Let's look at some specific user

In [40]:
report[report['CustomerID'] == 12346.0]

Unnamed: 0,month,key,CustomerID,reg_date,reg_month
4374,2011-01-01,1,12346.0,2011-01-18 10:01:00,2011-01-01
8747,2011-02-01,1,12346.0,2011-01-18 10:01:00,2011-01-01
13120,2011-03-01,1,12346.0,2011-01-18 10:01:00,2011-01-01
17493,2011-04-01,1,12346.0,2011-01-18 10:01:00,2011-01-01
21866,2011-05-01,1,12346.0,2011-01-18 10:01:00,2011-01-01
26239,2011-06-01,1,12346.0,2011-01-18 10:01:00,2011-01-01
30612,2011-07-01,1,12346.0,2011-01-18 10:01:00,2011-01-01
34985,2011-08-01,1,12346.0,2011-01-18 10:01:00,2011-01-01
39358,2011-09-01,1,12346.0,2011-01-18 10:01:00,2011-01-01
43731,2011-10-01,1,12346.0,2011-01-18 10:01:00,2011-01-01


In [41]:
report[report['CustomerID'] == 12448.0]

Unnamed: 0,month,key,CustomerID,reg_date,reg_month
43814,2011-10-01,1,12448.0,2011-10-26 13:46:00,2011-10-01
48187,2011-11-01,1,12448.0,2011-10-26 13:46:00,2011-10-01
52560,2011-12-01,1,12448.0,2011-10-26 13:46:00,2011-10-01


Now we can join sales information.

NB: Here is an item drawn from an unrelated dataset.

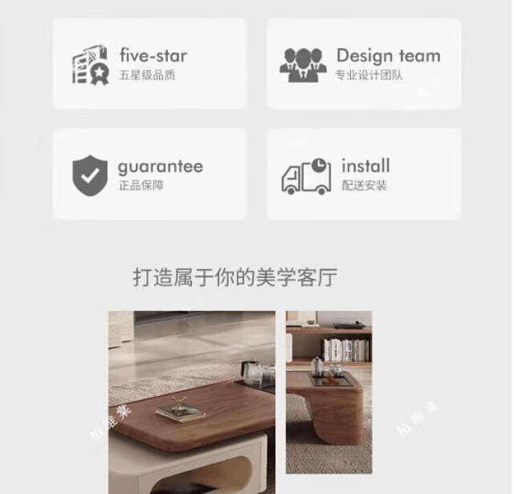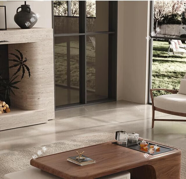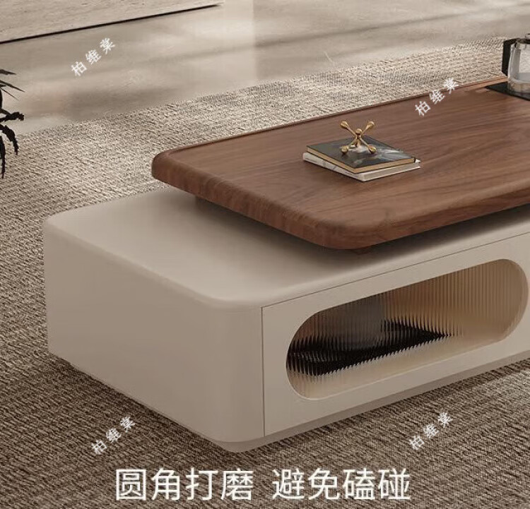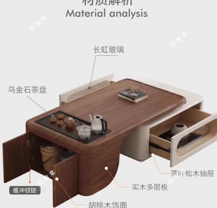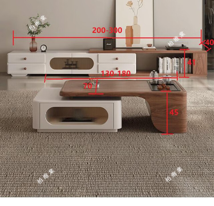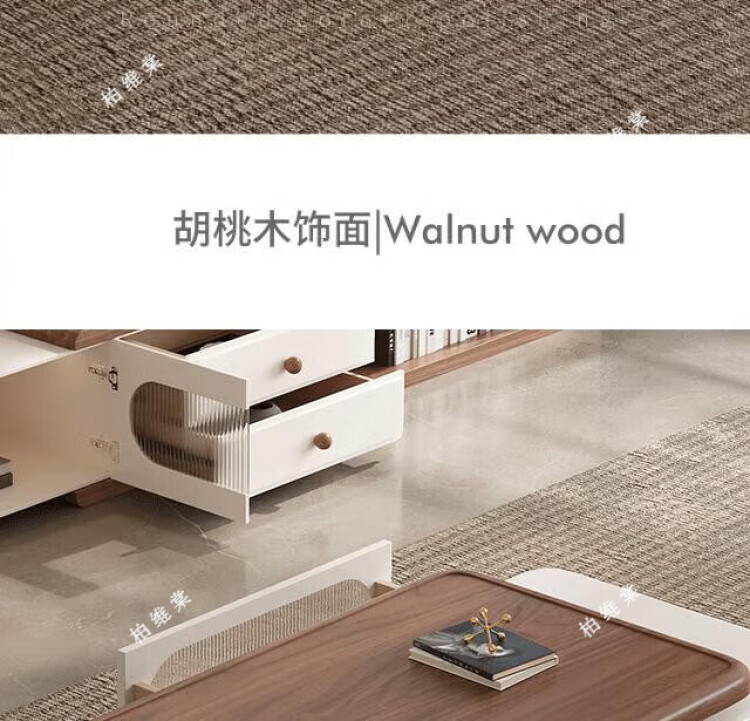 柏维棠茶几客厅轻奢高级感2026新款高端胡桃木色创意现代简约功夫茶台 功夫茶几_+伸缩电视柜组合

But before doing it

# 3. Pre-aggregate transactional data before joining with report

I will calculate total sales for each month for each customer

In [45]:
df.head()

Unnamed: 0,InvoiceNo,StockCode,Description,Quantity,InvoiceDate,UnitPrice,CustomerID,Country,month,revenue
0,536365,85123A,WHITE HANGING HEART T-LIGHT HOLDER,6,2010-12-01 08:26:00,2.55,17850.0,United Kingdom,2010-12-01,15.3
1,536365,71053,WHITE METAL LANTERN,6,2010-12-01 08:26:00,3.39,17850.0,United Kingdom,2010-12-01,20.34
2,536365,84406B,CREAM CUPID HEARTS COAT HANGER,8,2010-12-01 08:26:00,2.75,17850.0,United Kingdom,2010-12-01,22.0
3,536365,84029G,KNITTED UNION FLAG HOT WATER BOTTLE,6,2010-12-01 08:26:00,3.39,17850.0,United Kingdom,2010-12-01,20.34
4,536365,84029E,RED WOOLLY HOTTIE WHITE HEART.,6,2010-12-01 08:26:00,3.39,17850.0,United Kingdom,2010-12-01,20.34


In [43]:
df['month'] = df['InvoiceDate'].values.astype('datetime64[M]')

In [44]:
df['revenue'] = df['UnitPrice'] * df['Quantity']

In [46]:
sales_month = df.groupby(['CustomerID','month'])[['revenue']].agg(['sum']).reset_index()

In [49]:
sales_month.head()

Unnamed: 0,CustomerID,month,revenue
0,-999.0,2010-12-01,194353.0
1,-999.0,2011-01-01,84925.88
2,-999.0,2011-02-01,61516.5
3,-999.0,2011-03-01,103302.47
4,-999.0,2011-04-01,67159.27


In [48]:
sales_month.columns = ['CustomerID','month','revenue']

In [50]:
sales_month.head()

Unnamed: 0,CustomerID,month,revenue
0,-999.0,2010-12-01,194353.0
1,-999.0,2011-01-01,84925.88
2,-999.0,2011-02-01,61516.5
3,-999.0,2011-03-01,103302.47
4,-999.0,2011-04-01,67159.27


# 4. Join to report

In [51]:
report = report.merge(sales_month,how='left',on=['CustomerID','month'])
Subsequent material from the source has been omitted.